- [Directions for this task]: Without including the pictures, copy out every line below.

- [Data excerpt]:
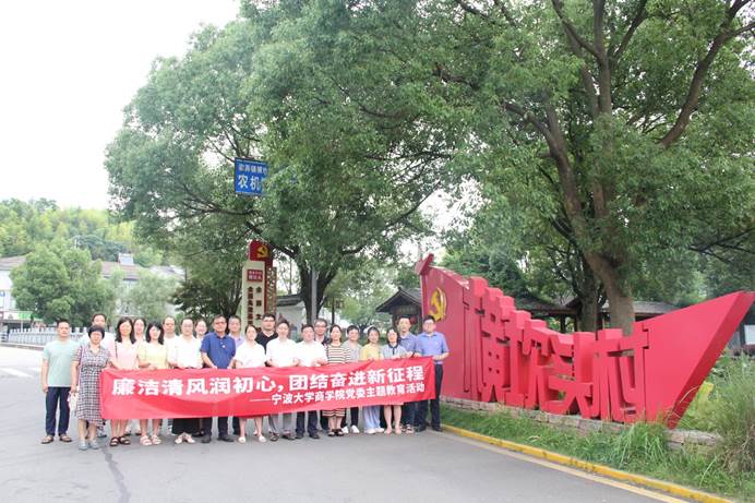 为深入开展学习贯彻习近平新时代中国特色社会主义思想主题教育,领会和学习习近平总书记在浙江工作期间留下的宝贵理论、实践和精神财富,汲取红色力量,激发大家干事创业的积极性。7月2日,电竞博彩 党委组织学院领导班子、基层学术组织负责人及行政主管一行赴余姚市梁弄镇横坎头村追寻红色足迹、凝聚奋进力量,开展“循迹溯源学思想促践行”主题教育现场学习会和“廉洁清风润初心,团结奋进新征程”主题活动。
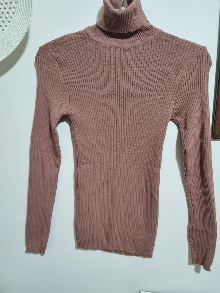Bej renk, balıkçı yaka ve uzun kollu, vücuda oturan triko kazak. Desensiz ve günlük kullanıma uygun.etiketsiz yeni
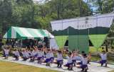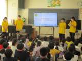 猛暑の中、4年生が伝統の相撲体操を披露し、高学年のSDGs委員会の代表者が学校で...
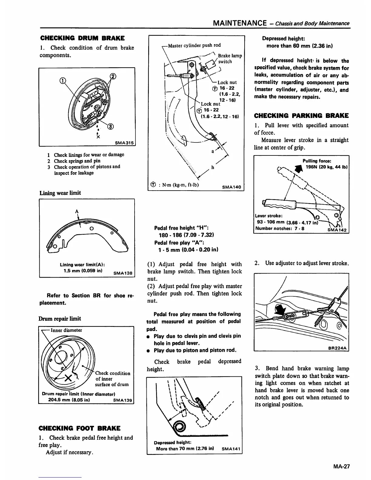 Datsun 1980 310 - Checking Drum Brake; Checking Parking Brake; Lining Wear Limit; Drum Repair Limit

- [Reply]:
 为深入开展学习贯彻习近平新时代中国特色社会主义思想主题教育,领会和学习习近平总书记在浙江工作期间留下的宝贵理论、实践和精神财富,汲取红色力量,激发大家干事创业的积极性。7月2日,电竞博彩 党委组织学院领导班子、基层学术组织负责人及行政主管一行赴余姚市梁弄镇横坎头村追寻红色足迹、凝聚奋进力量,开展“循迹溯源学思想促践行”主题教育现场学习会和“廉洁清风润初心,团结奋进新征程”主题活动。
Bej renk, balıkçı yaka ve uzun kollu, vücuda oturan triko kazak. Desensiz ve günlük kullanıma uygun.etiketsiz yeni
 猛暑の中、4年生が伝統の相撲体操を披露し、高学年のSDGs委員会の代表者が学校で...
 Datsun 1980 310 - Checking Drum Brake; Checking Parking Brake; Lining Wear Limit; Drum Repair Limit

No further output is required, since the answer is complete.